Aghamir S M K, Khazaeli M H, Meisami A
Department of Urology, Sina Hospital, Tehran, Iran.
J Endourol. 2006 May;20(5):293-5. doi: 10.1089/end.2006.20.293.
Fibrin glue and gelatin matrix have been used to seal nephrostomy tracts to reduce bleeding and extravasation after tubeless percutaneous nephrolithotomy (PCNL). In this study, Surgicel (oxidized cellulose) was used to seal the nephrostomy tract after totally tubeless PNL.
Twenty patients with kidney calculi were treated with totally tubeless PNL. According to randomization, at the conclusion of surgery, the nephrostomy tracts were sealed with Surgicel in ten patients and left unsealed in the other ten. Postoperatively, the two groups were compared with respect to hematocrit changes and extravasation as detected by abdominal ultrasonography and wound-dressing inspection.

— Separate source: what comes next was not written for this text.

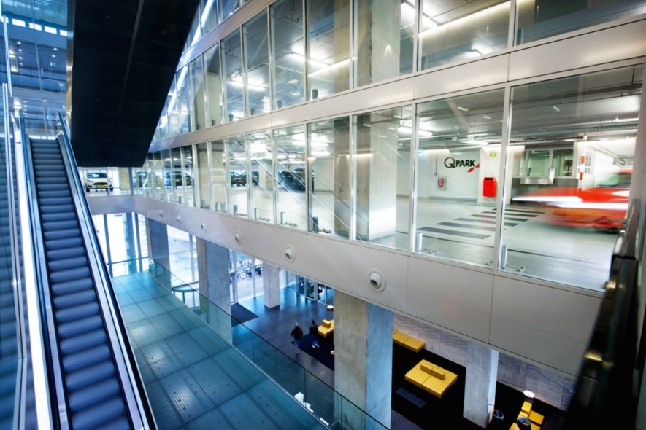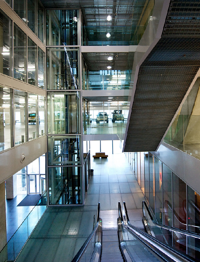 Three parking levels in the building - fully transparent due to the atrium

There was statistically significant decrease in the hematocrit in both the study (P = 0.017) and the control (P = 0.003) group. When the two groups were compared with respect to the decrease in hematocrit, no statistically significant difference was seen (P = 0.241). Similarly, extravasation from the nephrostomy tract was not significantly different in the two groups.
Sealing the nephrostomy tract with Surgicel after totally tubeless PNL did not decrease bleeding or extravasation from the tract.
纤维蛋白胶和明胶基质已被用于封闭肾造瘘通道,以减少无管经皮肾镜取石术(PCNL)后的出血和渗漏。在本研究中,速即纱(氧化纤维素)被用于完全无管PCNL术后封闭肾造瘘通道。
20例肾结石患者接受了完全无管PCNL治疗。根据随机分组,手术结束时,10例患者的肾造瘘通道用速即纱封闭,另外10例不封闭。术后,比较两组患者的血细胞比容变化以及通过腹部超声检查和伤口敷料检查发现的渗漏情况。
研究组(P = 0.017)和对照组(P = 0.003)的血细胞比容均有统计学意义的下降。当比较两组血细胞比容的下降情况时,未发现统计学意义的差异(P = 0.241)。同样,两组肾造瘘通道的渗漏情况也无显著差异。
完全无管PCNL术后用速即纱封闭肾造瘘通道并不能减少通道出血或渗漏。